So, here are my 5 reasons that I am glad Randy Quaid left town.

1. Evi was f@#$ing crazy. She had crazy eyes. She was always out in the parking lot doing crazy s@#$. Someone should have put her in the booby hatch. It did my Aunt Rita a world of good going to the booby hatch for a couple of months. You get to paint pictures and eat hamburger steak and dance with the nurses on Christmas or your birthday. Hell, there ain’t no shame in being incarcerated for as long as you need to get back on your feet.

2. They put out bad debts. I played Gin Rummy with Mr. Quaid in my RV and he has still not paid me the eight dollars and fifty three cents he racked up. He did bring over a $150 bottle of French vodka, though, so I am glad of that.

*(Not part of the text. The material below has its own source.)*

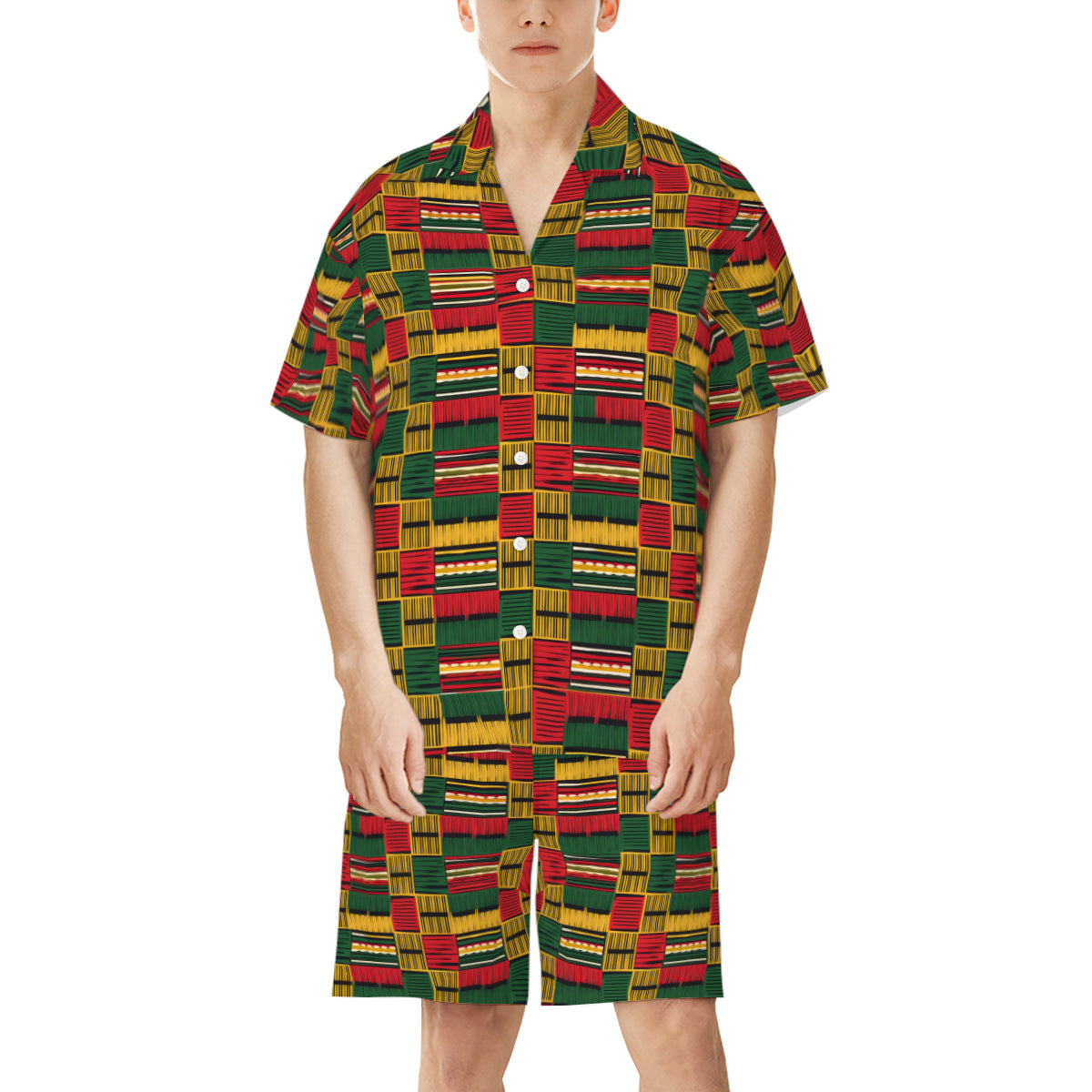 Kente Pattern Man's Shirt And Short Set

3. Why did they have different kids in each one of the National Lampoon Vacation movies? Stick to old Audrey! She is the best. And old Beckie on Roseanne is good too. You should have said something, Mr. Randy Quaid. Bring back old Audrey!

Old Audrey from National Lampoon Vacation

Bring back old Audrey!

4. They brought to much heat on the scene here in the Big Bend. I was always seeing them TMZ trucks hanging out waiting for some weird scene to erupt. If you ain’t careful, you’re gonna catch exclusive pictures of me taking a piss on your truck tires. Big Bend ain’t Hollywood; you might get your teeth knocked out for inspecting my RV with those cameras.

5. Evi was gonna put some kind of Randy Quaid museum there in her home. B@#$%, please. You can see that motherf!@#er on TV 24 hours a day in a bunch of s@#$ty movies. Also, he ain’t from marfa and just lived here in a hotel room for a couple of months. Why would the museum be in Marfa? Now, if she might want to run a snake exhibit and organic diner, that would be something the market in Marfa would support.

Peace to all my drinking buddies, bar staff and bartenders. The Classical Wineaux rules! I am coming out with Classical Wineaux t-shirts but I am not good with computers and my dogs would probably p@#$ on them.

4 thoughts on “5 Reasons I’m Glad that Jive Turkey Randy Quaid Left Marfa

  1. BigBeast

    YOu are stupid to put down Randy Quaid because I partied with him and Evi and it was freaking awesome. He is an awesome guy and knows a s@#$load of actors and even know Steve Seagall! So, you are just jealous, Classical Wineaux that he is cool and you are not!

  2. RQfan

    I appreciate this amazing saga of investigative journalism, but I do not feel it is fair to academy-award winner Randolph Quaid. In the words of Uncle Eddie, “Haven’t you ever had a brain dangle before, Clark?”

  3. Dave

    Steven Seagal, wow “awesome”–isn’t he that old dude who runs like a girl in those lame karate movies? The critics call it “running musically.” Heard he used to cry when the stunt double got hurt. It figures Quaid would know him.